On April 10th. 1809, I commenced in the Boston Patriot a series of letters in vindication of my missions to France. These letters were imprudently published in pamphlets. If you have ever seen one of them, you must remember that ninety-five pages of it are devoted to a vindication of my missions to France. If you have never seen it, I pray you to look it up; and, if you cannot find it. I will send it to you. I had done with it forever, as I thought. I wished never to see it or hear of it again. But a grandson of mine, not yet fourteen years of age, has picked them up and bound them in a volume. I have borrowed it of him, and if you cannot find it elsewhere, I will lend it to you, upon condition that you will return it to me, for I know of no other copy. After that publication, I did not expect to see a slur cast upon my missions to France by any man of intelligence and honor.
Will you linger and loiter with me a little in this place? Did Mr. Pitt and Mr. Miranda believe me to be a lover of revolutions, deeply smitten with their charms, ready and eager to seize upon any and every opportunity to involve myself and my country in any revolutionary enterprise? I had been plunged head and ears in the American revolution from 1761 to 1798 (for it had been all revolution during the whole period). Did Mr. Pitt and Mr. Miranda think that I had trod upon feathers, and slept upon beds of roses, during those thirty-seven years? I had been an eye-witness of two revolutions in Holland: one from aristocracy to a mongrel mixture of half aristocracy and half democracy, the other back again to aristocracy and the splendid restoration of the Stadtholder. Did Mr. Pitt and Mr. Miranda think that I was so delighted with these electric shocks, these eruptions of volcanoes, these tremblemens de terre, as to be ambitious of the character of a chemist, who could produce artificial ones in South America? I had been an ear-witness of some of the first whispers of a revolution in France in 1783, 1784, and 1785, and had given all possible attention to its rise and progress, and I can truly say, that it had given me as much anxiety as our American revolution had ever done. Could Mr. Pitt and Mr. Miranda believe me so fascinated, charmed, enchanted, with what had happened in France, as to be desirous of engaging myself and my country in most hazardous and expensive and bloody experiments to excite similar horrors in South America?
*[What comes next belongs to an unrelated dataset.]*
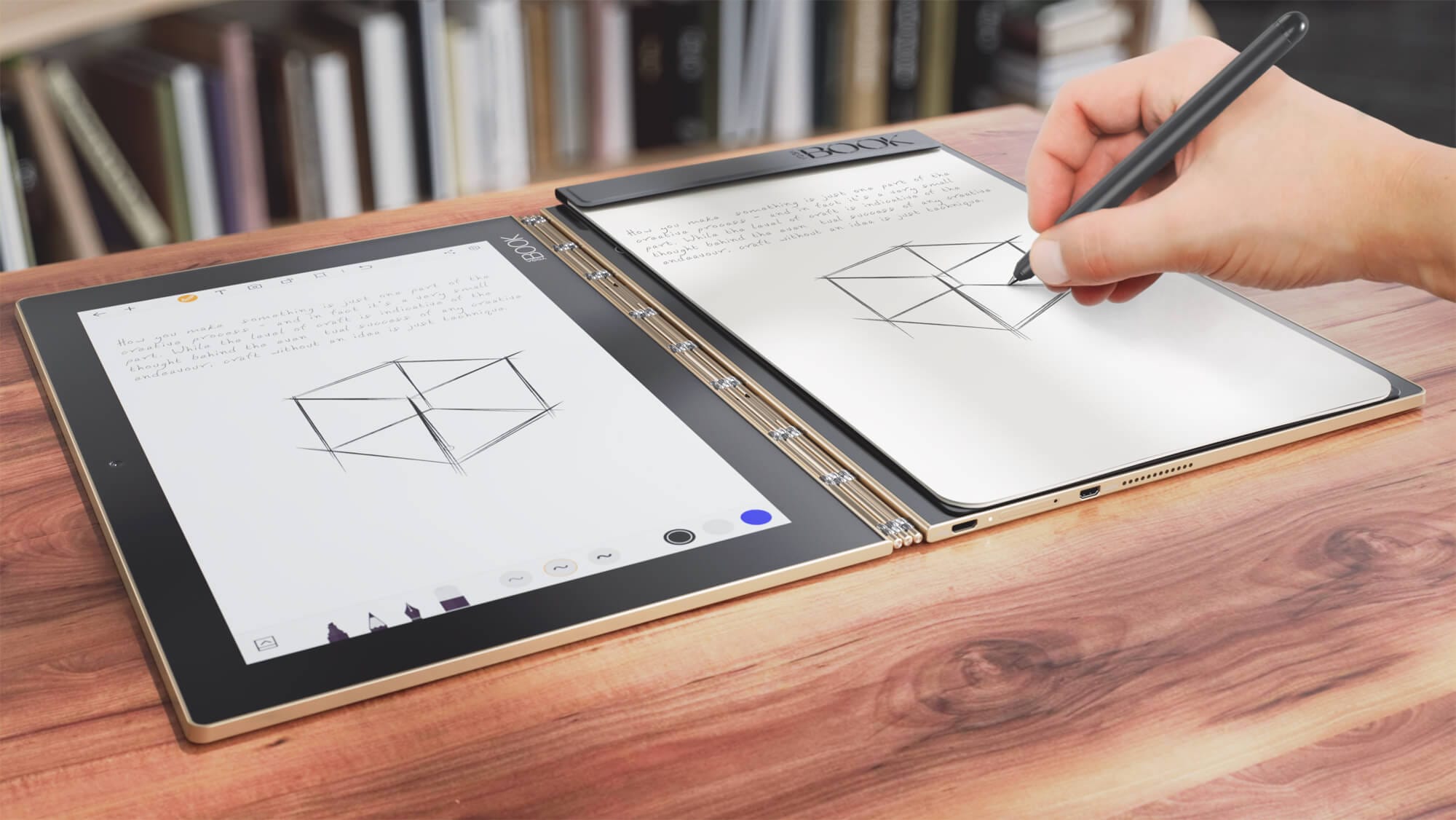 Dünyanın en iyi bilgisayar üreticilerinden olan Lenovo yeni tableti Yoga Book'u satışa sundu. Şık tasarımlarıyla her zaman ön planda olan Lenovo bu sefer de tasarımdan taviz vermiyor. Gerçek mürekkepli kalemi ile yeni Yoga Book sadece 690 gr ağırlığa ve 4,05 mm kalınlığa sahip. Daha teknik detaylardan bahsetmeden önce ürün prekende satış mağazalarında ve Türkiye'nin büyük satış mağazaları olan TeknoSa, Vatan Bilgisayar ve Media Markt'te satışta olduğunu belirtelim.
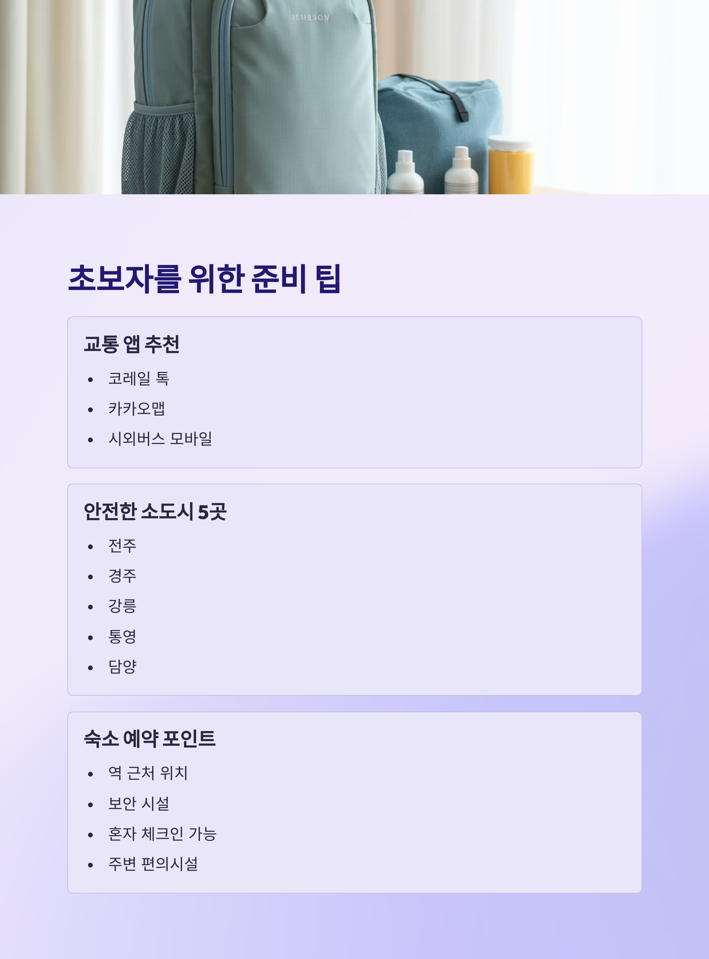 | 혼자 여행 시 꿀팁 | 교통편, 숙소 미리 예약하면 걱정 없어요 |

The last twenty-five years of the last century, and the first fifteen years of this, may be called the age of revolutions and constitutions. We began the dance, and have produced eighteen or twenty models of constitutions, the excellences and defects of which you probably know better than I do. They are, no doubt, the best for us that we could contrive and agree to adopt.
[1 ] The words are, “We are raising an army of about twelve thousand men” Hamilton’s Works, vol. vi. p. 348.